Sophisticated Dracula

St. George and the Dragon in the Romanian Art Museum

It's a little slippery here in Bucharest.  Things are close to the same.  It looks like a familiar Western European city with beautiful old buildings and then you drive past block after block of communist era apartments with wild dogs lurking in the alley.


Manastirea Stavropoleos
Or a church that only has one room and is shaped like this picture and has a tiny courtyard full of stoneware in need of repair.  Similar but different: The bent white-haired lady was there kissing icons, but there were so many that this took awhile.  And all the candles were in special brass boxes outside.

That's what it was like in the city's art museum today.  Imposing former palace houses the collection.  That seemed familiar.  The whole first floor is gallery after bright purple-walled gallery of medieval art.  More gold gilt and large sad eyes grace those purple walls than I have ever seen amassed elsewhere.  And it's all Romanian—Muldavian, Transylvanian, etc.

Which is where the sophisticated Dracula comes in.  Vlad the Impaler, though quite the sponsor of churches in his time, does not make an appearance.  His brethren, however, made some very interesting depictions of Christ.  The nearest contemporary example I can think of is that in Transylvanian iconography, Christ looks like a haggard vegan hippie with bags (think luggage) under his eyes.

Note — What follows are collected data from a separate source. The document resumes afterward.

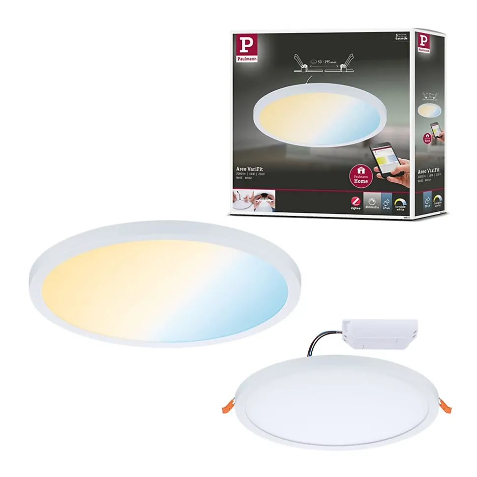Le panneau encastré rond Areo avec un diamètre de 230 mm et une puissance de 16 watts en Blanc fournit une lumière étendue non éblouissante. Grâce à la technologie VariFit flexible, les ressorts de serrage pour le montage sont réglables en continu entre 50 et 195 mm. Le panneau peut ainsi être encastré dans des trous de perçage déjà présents ou dans de nouveaux trous avec couronne de forage standard. La fonction Tunable White permet de varier la température de couleur à votre guise : du blanc lumière du jour pour le travail au blanc chaud idéal pour la relaxation. L’ampoule est compatible avec Zigbee 3.0 3.0. Zigbee 3.0 est un protocole de transmission radio qui met en réseau les appareils de différents fabricants. Il permet une commande centralisée de l’éclairage que l’on peut étendre par exemple aux volets roulants, radiateurs et systèmes d’alarme.Pour un diamètre d’alésage supérieur à 85 mm, une profondeur de cavité d’au moins 30 mm est requise et pour un diamètre supérieur à 68 mm, une profondeur d’au moins 55 mm est requise.
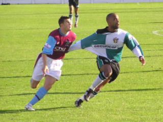 Right, Joff Vansittart loses out in the air to former U, Kevin Davies. U’s v Bromley, FA Cup 3rd Qual. Round (16/10/04) Sutton threw away a two-goal lead at a rain-swept Gander Green Lane on Saturday and will now need to win a replay at Bromley on Wednesday night if they are to progress further in the FA Cup this season. It had all started positively for the U’s when they took the lead with only three minutes gone. Matt Gray was fouled on the right wing and John Scarborough headed Peter Fear’s free-kick just inside the right post from the edge of the area for his first goal for the club, 1-0. United controlled the early stages of the game and could have added another after twelve minutes. Joff Vansittart flicked a long ball beyond the defence and Craig Watkins outpaced the defence to leave him with only the ‘keeper to beat but shot into his legs from eighteen yards. An injury to Vansittart saw the introduction of Andrew Martin and he doubled United’s lead within two minutes of coming on. Matt Gray’s throw-in was cleared to Fear just outside the area and he played it back out wide to Gray, who swung a dangerous ball through the box that found Martin unmarked at the back post. He had time to bring it under control before shooting left-footed over the ‘keeper and into the goal, 2-0 (25 minutes). Three minutes later, the U’s should have put the result beyond doubt but Watkins was again unable to capitalise on his explosive pace when he raced on to a through ball but shot at the ‘keeper. Having been the better side, Sutton made the mistake of taking the foot off the pedal and Bromley began to work their way back into the match, sharing possession equally and forcing the U’s into a number of desperate clearances. Then, with a minute of the half remaining, United gifted Bromley a goal when a left-wing corner was headed into the top-right corner of his own goal by Tony Quinton. Half-time: U’s 2, Bromley 1. Five minutes after the interval Bromley were level when Colin Luckett curled a left-footed, twenty-five yard free-kick around the wall and into the right of the goal, just out of the reach of Phil Wilson, 2-2. Bromley remained the better side for virtually the whole of the second half and would have booked their spot in the next round but for some wasteful finishing. Just before the hour, Wilson raced out of his area but was pipped to the ball by the striker who knocked it past him and goalwards. Gray intervened to stop the ball crossing the line but slipped trying to make a clearance and gifted an opportunity to a Bromley forward who shot into Gray on the floor and then blazed the rebound over. The balance of the game was thrown further in Bromley’s favour when Sutton were reduced to ten men with twenty minutes of the half gone. Watkins appeared to be wrestled to the floor just inside the area but, following the ensuing melee for the ball, the referee consulted his assistant and produced a red card for Martin, apparently for treading on a Bromley player. As the U’s hung on for the draw, the visitors had a couple of chances to win the match but were first denied by a fantastic one-on-one save from Wilson and, four minutes into stoppage time, beat Wilson but were stopped from scoring by Scarborough who slid in six yards out to win the ball when the goal was open and prevent United’s exit from the cup. Final score: U’s 2, Bromley 2. F-t-L Facts:
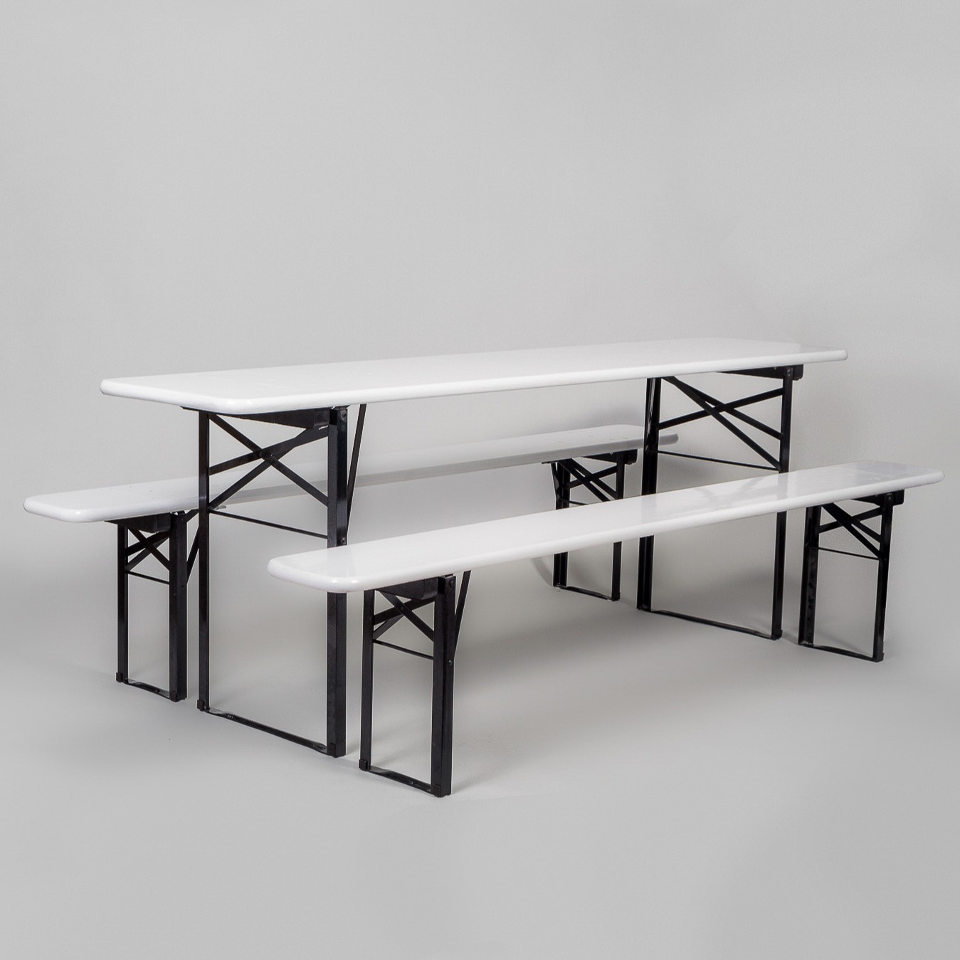 | Beschreibung: | weiße Festzeltgarnitur bestehend aus einem Tisch und zwei Bänken |

While that's not the sophisticated part, Transylvania, it turns out, was a melting pot of the time.  Protestant Saxons brought in as artisans to do the church's silver work mingled with Calvinist Hungarians who settled in the region, and Orthodox Romanians.  Over the course of a couple of hundred years they made work that slips from the human to the immortal before your very eyes.  If you'd like to look at it, here's a link: Transylvanian Art at the Bucharest Museum.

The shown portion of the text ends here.